# DATA FOR ANALYSIS:
——————

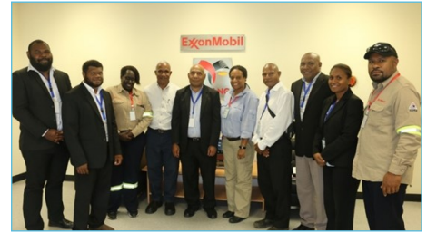
PNGEITI and Exxon Mobil Government Relations Team after a tour of Plant Site.

PNGEITI Communication programs have gained favourable results in 2018, as indicative in the use of EITI reports in framing discussions and debates across multiple platforms.
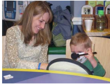
Cal and his mom play the drum in music therapy
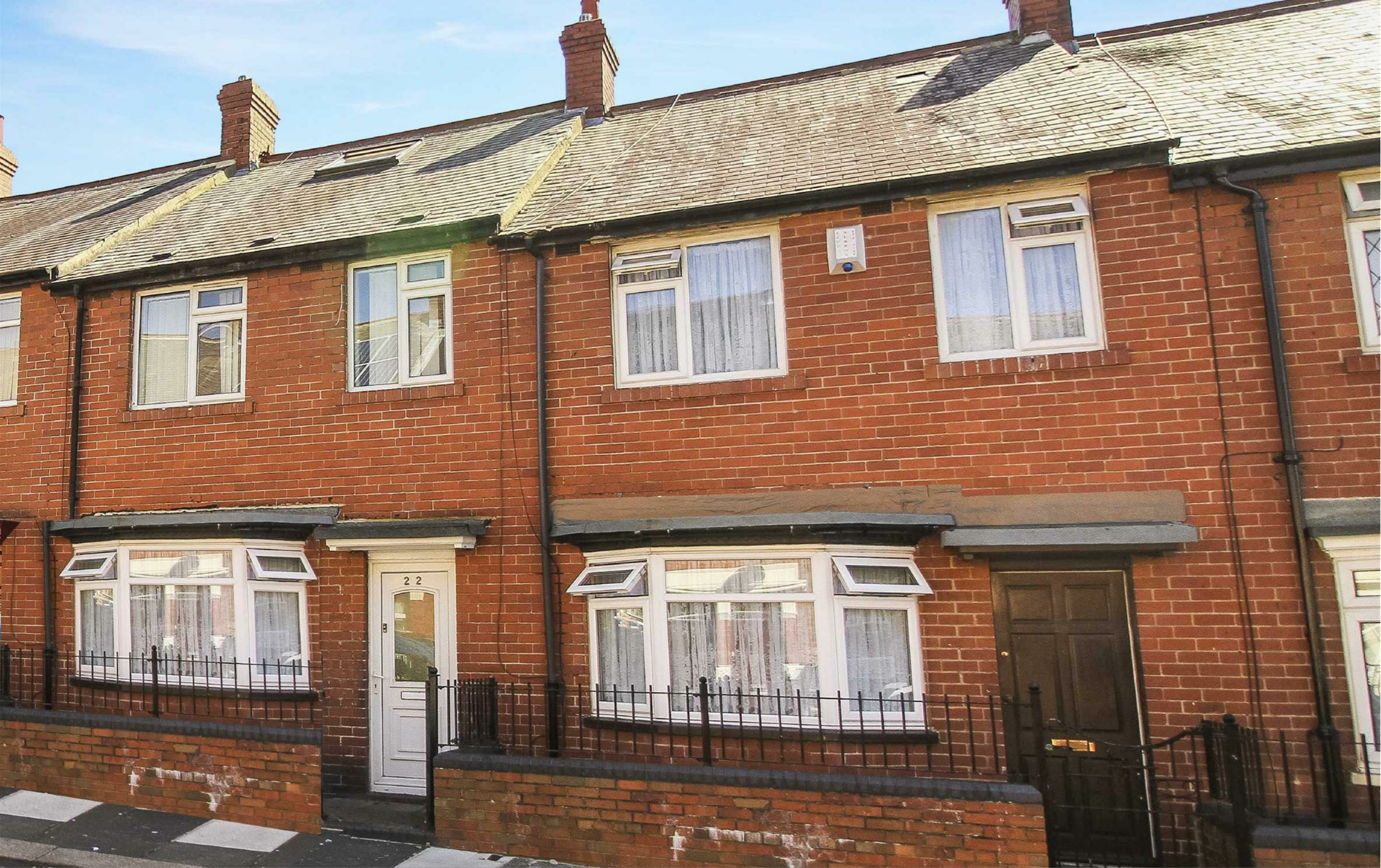
📍 Ellesmere Road, Benwell NE4 8TS
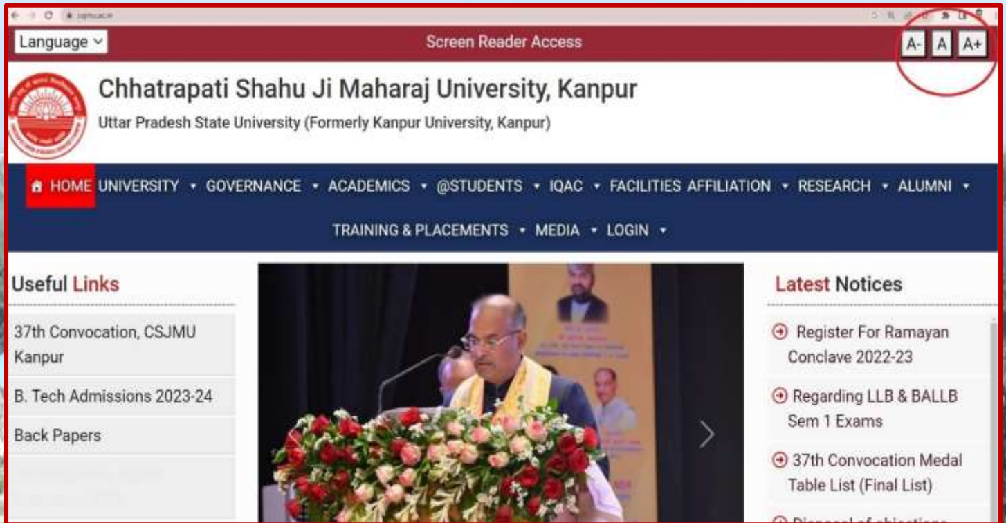
Fig. - Divyangjan Accessible Website, Screen Reading Software
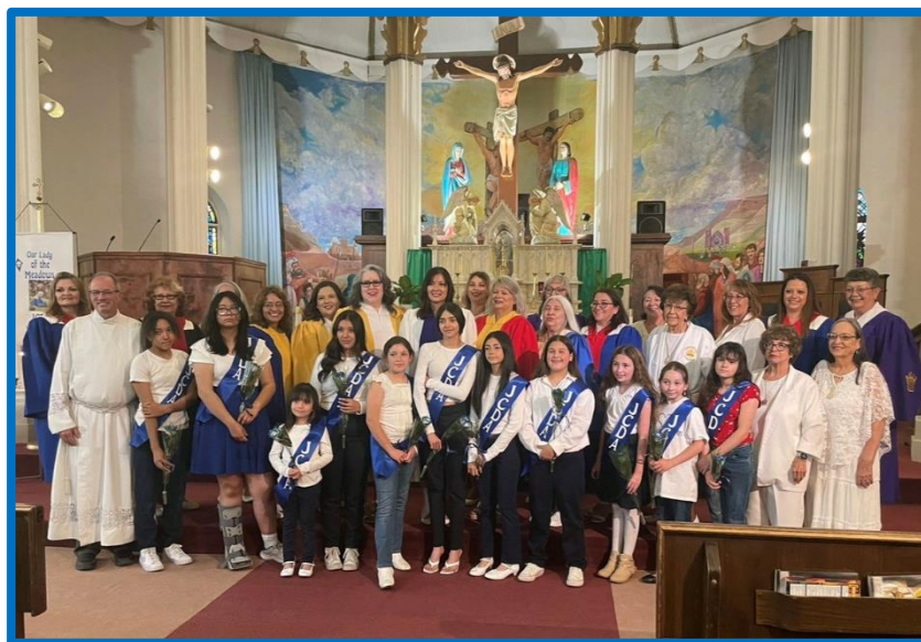
Our Lady of the Meadows #1301 institution in Las Vegas.
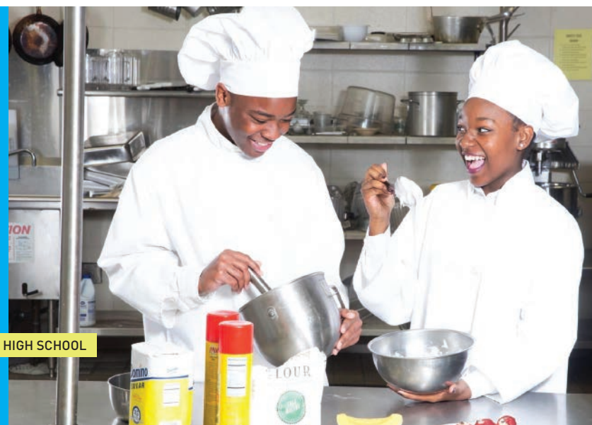
WENONAH HIGH SCHOOL

We were proud to be recognized for our efforts and were selected as the 2020 Sanford I. Weill Academy of Excellence Award Winner!
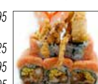
Spider Man Roll
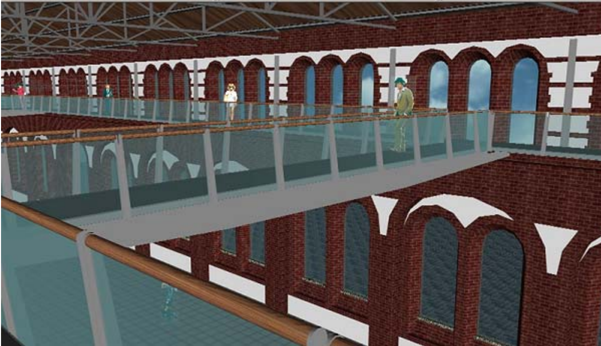
Exhibit space of the Science Center: footbridges

The project starts up comparing glass potentialities and opportunities of contest, that means it is related with building lot and town-planning implications, with pre-existent building and its own properties, with needs generated by new functions, and, not least, with technical-constructive matters, with the attention in calculating the iron structures that support glass elements and with the analysis of some of most important particulars.
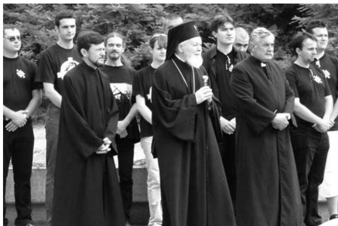
Orthodox priests and Noua Dreapta

The discourse of BOR is an overtly ultra-nationalistic, anti-Semitic, xenophobic, chauvinistic, racist, homophobic one, and at present it is one of the most popular propagandistic instruments for spreading these extremist attitudes and sentiments.

——————

# YOUR TASK:
Beginning with the line above that contains "PNGEITI Communication programs" and finishing with the line that contains "WENONAH HIGH SCHOOL", print those lines exactly and only. Skip all pictures.

# EXPECTED ANSWER:
PNGEITI Communication programs have gained favourable results in 2018, as indicative in the use of EITI reports in framing discussions and debates across multiple platforms.
Cal and his mom play the drum in music therapy
📍 Ellesmere Road, Benwell NE4 8TS
Fig. - Divyangjan Accessible Website, Screen Reading Software
Our Lady of the Meadows #1301 institution in Las Vegas.
WENONAH HIGH SCHOOL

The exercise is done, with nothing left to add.